- Work instruction
Within the entries that follow, show each line where the word "Cuadro" occurs.

Records from a data collection:
□ □ □ □
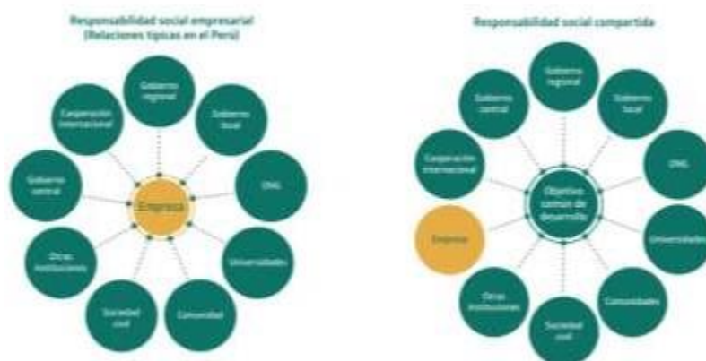
Cuadro 3. De responsabilidad social empresarial a responsabilidad social compartida

Este enfoque que viene desde el empresariado deja atrás el modelo en el que todos dependen de la empresa para el desarrollo y bienestar de la sociedad. En otras palabras, la empresa deja de ser el centro de la Responsabilidad Social y su lugar es tomado por el “objetivo común de desarrollo” (Cuadro 3). En este nuevo esquema, el gobierno, las empresas y las comunidades cumplen su rol de mantener un diálogo constructivo, tal como recomiendan la OCDE y la OIT.
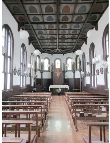
甲府カトリック教会聖堂内部

教会堂の隣の事務所にいた婦人に、訪問の趣旨を告げ見学させてもらう。外壁はモルタルの洗い出し仕上げで柱の位置にバツレスが付けられており、内部は単廊形式で北側に半円形の後陣(アプス)が配置されている。その部分に6人の聖人が祀られており、その中に袴姿の武士の像があった。肥前出身のトマス籠手田(こてだ)という方で、キリシタン弾圧で殉教した人物とのこと。6人の聖像は昭和3年に設置されたが、当時のフランス人神父の思い出があったと思われる。聖像の間にはステンドグラスが嵌められたアーチ窓がある。天井は格天井で柵目に文様が描かれてある。床は当初は畳敷きだったそうだ。率直な感想は「甲府にもまだこんな教会が残っていたのか。まさに知られざる文化財ではないか」という思いだった。
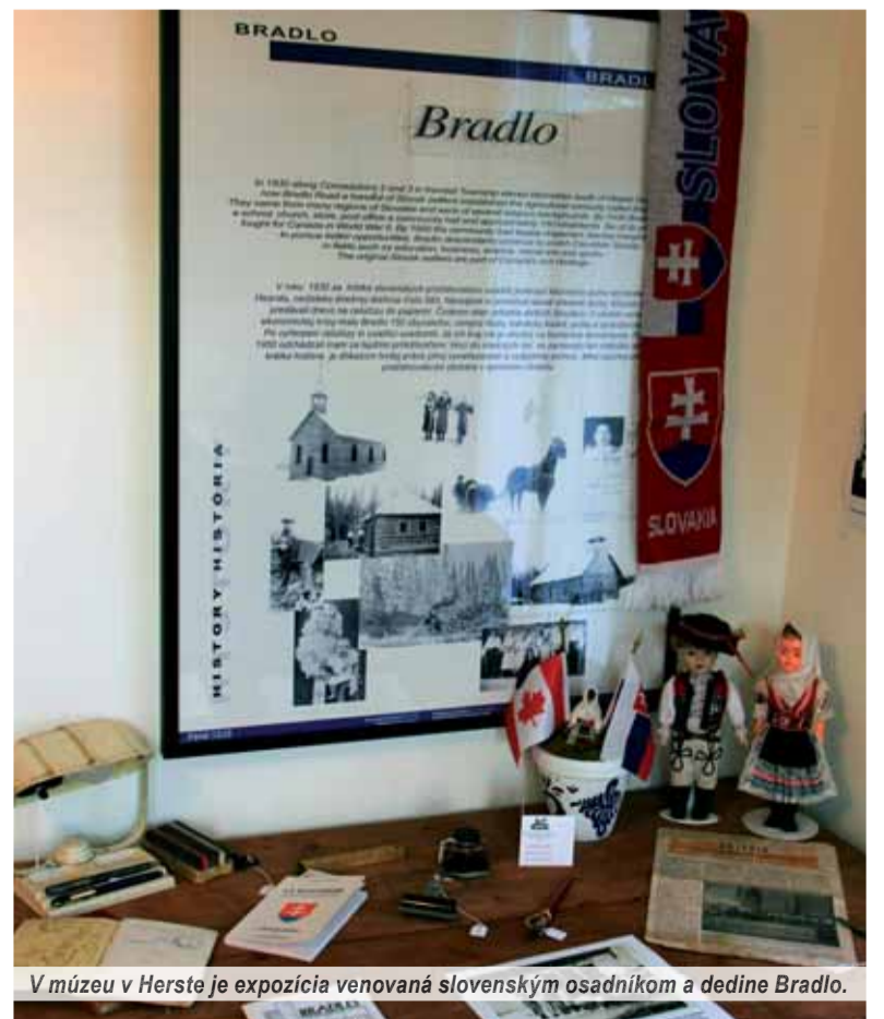
V múzeu v Hearste je expozícia venovaná slovenským osadníkom a dedine Bradlo.
□ □ □ □
- Answer to this exercise
Cuadro 3. De responsabilidad social empresarial a responsabilidad social compartida
Este enfoque que viene desde el empresariado deja atrás el modelo en el que todos dependen de la empresa para el desarrollo y bienestar de la sociedad. En otras palabras, la empresa deja de ser el centro de la Responsabilidad Social y su lugar es tomado por el “objetivo común de desarrollo” (Cuadro 3). En este nuevo esquema, el gobierno, las empresas y las comunidades cumplen su rol de mantener un diálogo constructivo, tal como recomiendan la OCDE y la OIT.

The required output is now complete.